Camp A en court métrage
Le camp A.
Un projet audacieux qui demanda en premier lieu, beaucoup de sérieux et de documentation pour ne pas écrire n’importe quoi. Le premier livre en fait, ou je m’impliquai avec autant d’archives, puisque j’y traite de la déportation des minorités comme les homosexuels, les handicapés ainsi que les contestataires de tous bords défiant la patrie.

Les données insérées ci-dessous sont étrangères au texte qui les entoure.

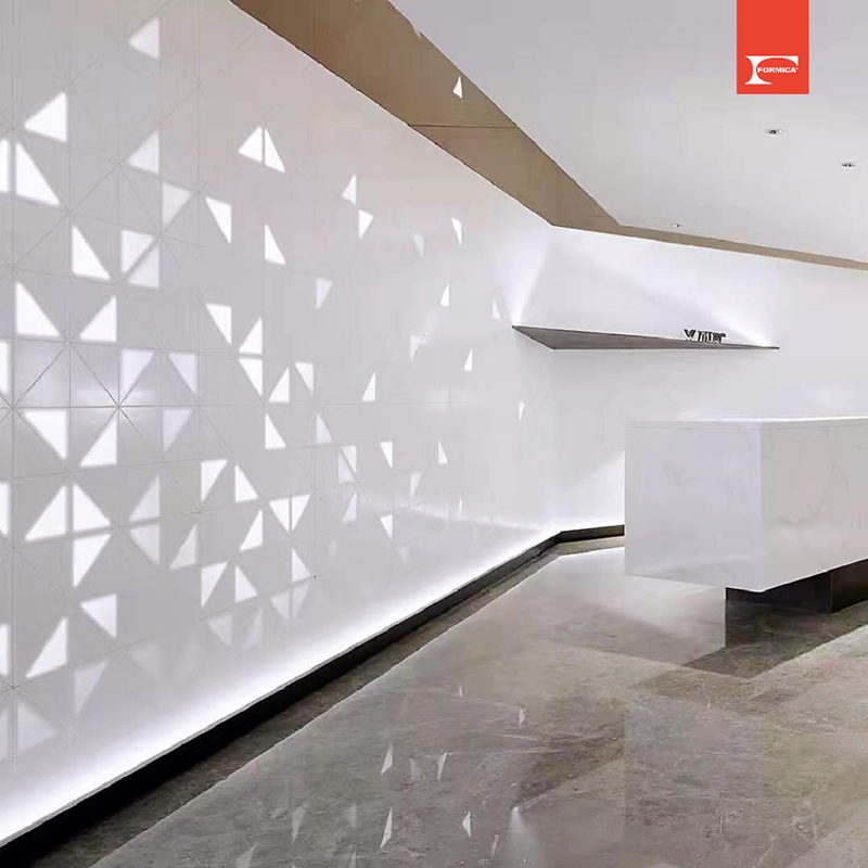 今天,就讓富美家?guī)阋黄饋硖剿魃愂癁檗k公空間帶去的精致與時尚吧......前臺接待處的背景墻采用鉆石切割造型,結(jié)合熱帶雨林的透光效果,富美家色麗石可以做到無縫拼接,精致又美觀,能夠給到來往賓客眼前一

De ce roman en découla un premier scénario, puis un second, beaucoup plus court, afin de pouvoir réaliser un court métrage sans enlever l’ambiance inquiétante et le mystère de cette histoire. Le projet en est aux prémices, ayant rencontré une metteuse en scène désireuse de s’associer à ce projet, mais le temps manque, aussi, je ne sais pas si ça se fera ou pas mais j’ai grand espoir, quand à ce qu’un jour cette histoire soie porté à l’écran ou publié sous forme de livre ou mieux encore, de BD. Avis aux amateurs concernés par ce sujet important, et pensant que le travail de mémoire n’est pas juste une bougie allumée une fois tous les dix ans mais un travail de tous les instants, voir un devoir pour les générations qui suivent…
Extrait du roman :
Il y a le mugissement des vagues au loin et le chuintement du vent. Comme un murmure réconfortant. Une brise rafraîchissante.
Il y a le silence aussi. Pesant, s’incrustant comme de la suie. S’imprégnant dans les moindres recoins.
Il y a cette bâtisse, minuscule en soit, donnant la main à l’étrange, semble-t-il. Faite de rondins de bouleaux, elle prône seule au milieu de nulle part. Là, dans ce no man’s land du nord de l’Allemagne. Un endroit perdu, oublié. Oublié par le temps lui-même.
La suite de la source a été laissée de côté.